Given data |

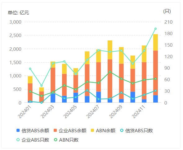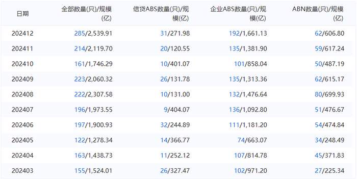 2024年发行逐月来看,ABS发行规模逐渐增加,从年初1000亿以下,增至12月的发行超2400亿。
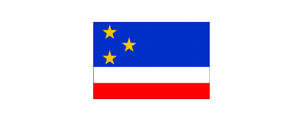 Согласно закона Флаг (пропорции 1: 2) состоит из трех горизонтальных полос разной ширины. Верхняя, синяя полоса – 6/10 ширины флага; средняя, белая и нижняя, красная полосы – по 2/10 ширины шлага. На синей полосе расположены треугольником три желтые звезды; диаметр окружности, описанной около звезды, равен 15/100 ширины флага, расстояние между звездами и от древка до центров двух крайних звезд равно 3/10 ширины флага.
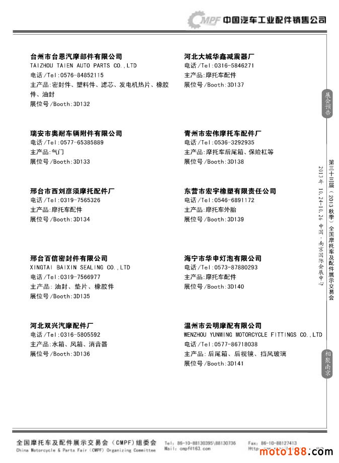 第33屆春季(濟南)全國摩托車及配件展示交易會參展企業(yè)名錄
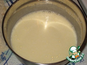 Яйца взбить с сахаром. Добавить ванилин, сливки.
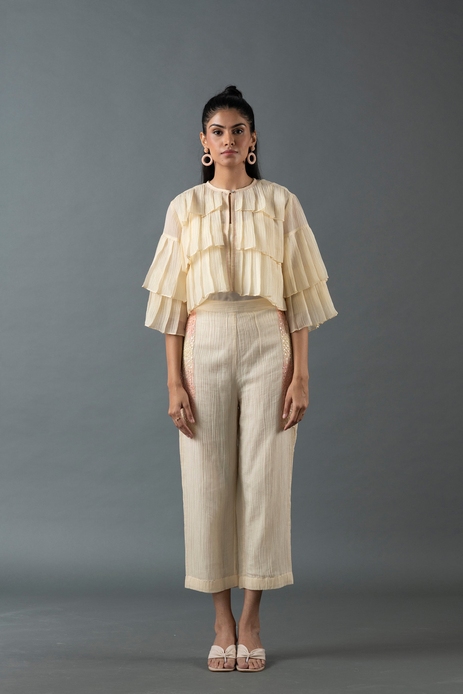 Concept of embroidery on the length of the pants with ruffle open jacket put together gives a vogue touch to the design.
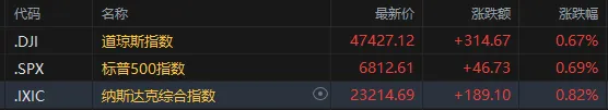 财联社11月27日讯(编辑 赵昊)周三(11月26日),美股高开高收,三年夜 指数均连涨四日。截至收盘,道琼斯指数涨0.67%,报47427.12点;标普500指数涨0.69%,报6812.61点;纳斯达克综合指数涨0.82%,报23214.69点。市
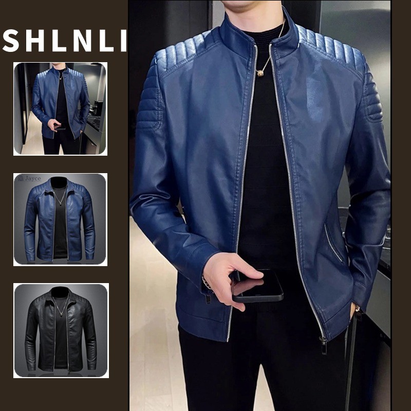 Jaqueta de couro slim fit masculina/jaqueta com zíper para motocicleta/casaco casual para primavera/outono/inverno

Exercise | Quote every record above exactly, leaving out any pictures.

Answer for the task |
 2024年发行逐月来看,ABS发行规模逐渐增加,从年初1000亿以下,增至12月的发行超2400亿。
 Согласно закона Флаг (пропорции 1: 2) состоит из трех горизонтальных полос разной ширины. Верхняя, синяя полоса – 6/10 ширины флага; средняя, белая и нижняя, красная полосы – по 2/10 ширины шлага. На синей полосе расположены треугольником три желтые звезды; диаметр окружности, описанной около звезды, равен 15/100 ширины флага, расстояние между звездами и от древка до центров двух крайних звезд равно 3/10 ширины флага.
 第33屆春季(濟南)全國摩托車及配件展示交易會參展企業(yè)名錄
 Яйца взбить с сахаром. Добавить ванилин, сливки.
 Concept of embroidery on the length of the pants with ruffle open jacket put together gives a vogue touch to the design.
 财联社11月27日讯(编辑 赵昊)周三(11月26日),美股高开高收,三年夜 指数均连涨四日。截至收盘,道琼斯指数涨0.67%,报47427.12点;标普500指数涨0.69%,报6812.61点;纳斯达克综合指数涨0.82%,报23214.69点。市
 Jaqueta de couro slim fit masculina/jaqueta com zíper para motocicleta/casaco casual para primavera/outono/inverno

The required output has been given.